Emma got involved with the group through her children taking part. “Once that happens then of course as parents you’re drawn in.
My children are older now, but they like to come back and lend a hand. My eldest son is on the sound and my youngest is helping with the props.
This is what happens — when they get too old to do the panto they can still take part in one form or another. It’s a continuing process.”
This year’s panto is the ever-popular Snow White and the Seven Dwarfs.
The whole process starts in September, as Iain explains, “We run a pre-audition evening at Prestbury Village School.
We invite parents and children along. We point out to the children what’s expected of them. We also like to stress to parents that they will get a lot out of it too.
It’s about doing something for the community whilst having a lot of fun.
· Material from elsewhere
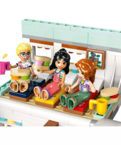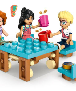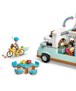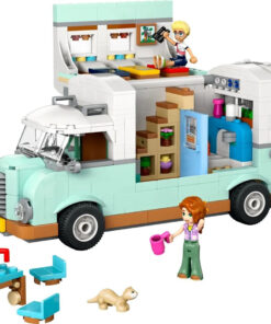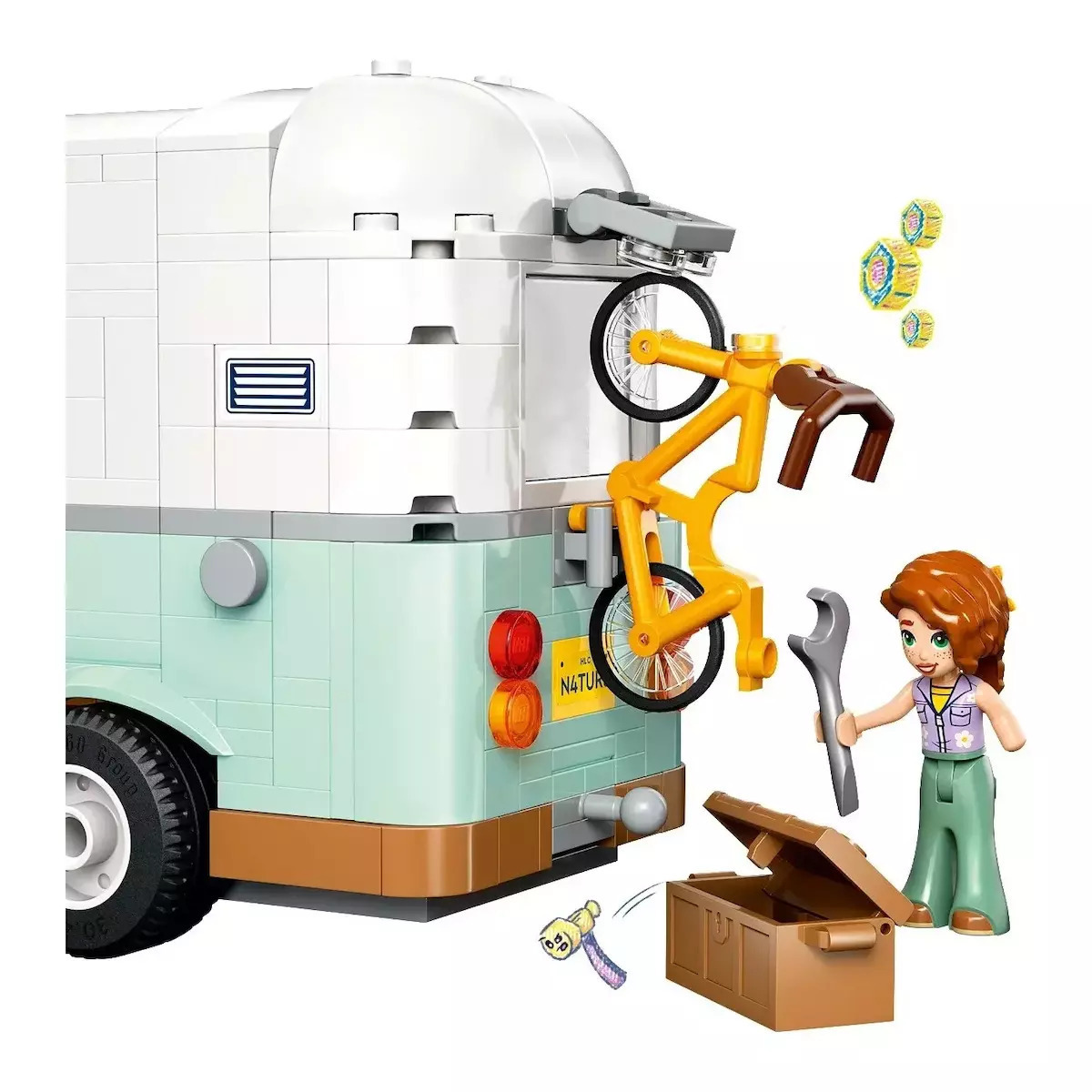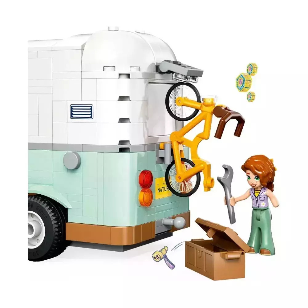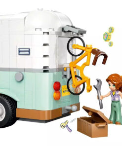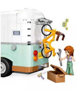 Αναδιπλούμενο τροχόσπιτο: Ανοίγει για να αποκαλύψει κουζίνα με εξοπλισμό μαγειρέματος, τουαλέτα και χώρο ύπνου με κρεβάτια για 3 μίνι κούκλες.

We like to draw on the talents of the parents. One lady is a graphic designer, so she’s doing the program for this year. Another is a photographer who does all the publicity photos. But you don’t need to have a child in the group to help out.”
The pantomime is held in January at the Little Theatre in Macclesfield and runs for five nights.
The theatre holds 200 people, and most years it’s a sell out.
I asked Emma about the cost of staging the event. “A professional level pantomime, with state-of-the art sound and lighting, is not cheap to put on, so we rely on sponsorship as well as ticket sales and membership fees. We try and offset costs by recycling things like costumes and props.
Our costume department has costumes that go back 40 years!
We also have ‘Prestbury Youth Panto Patrons’. For £10.00 a year you can support this wonderful village tradition, have your name in the programme and receive a free programme on show night.
Sounds like community spirit is alive and well in Prestbury!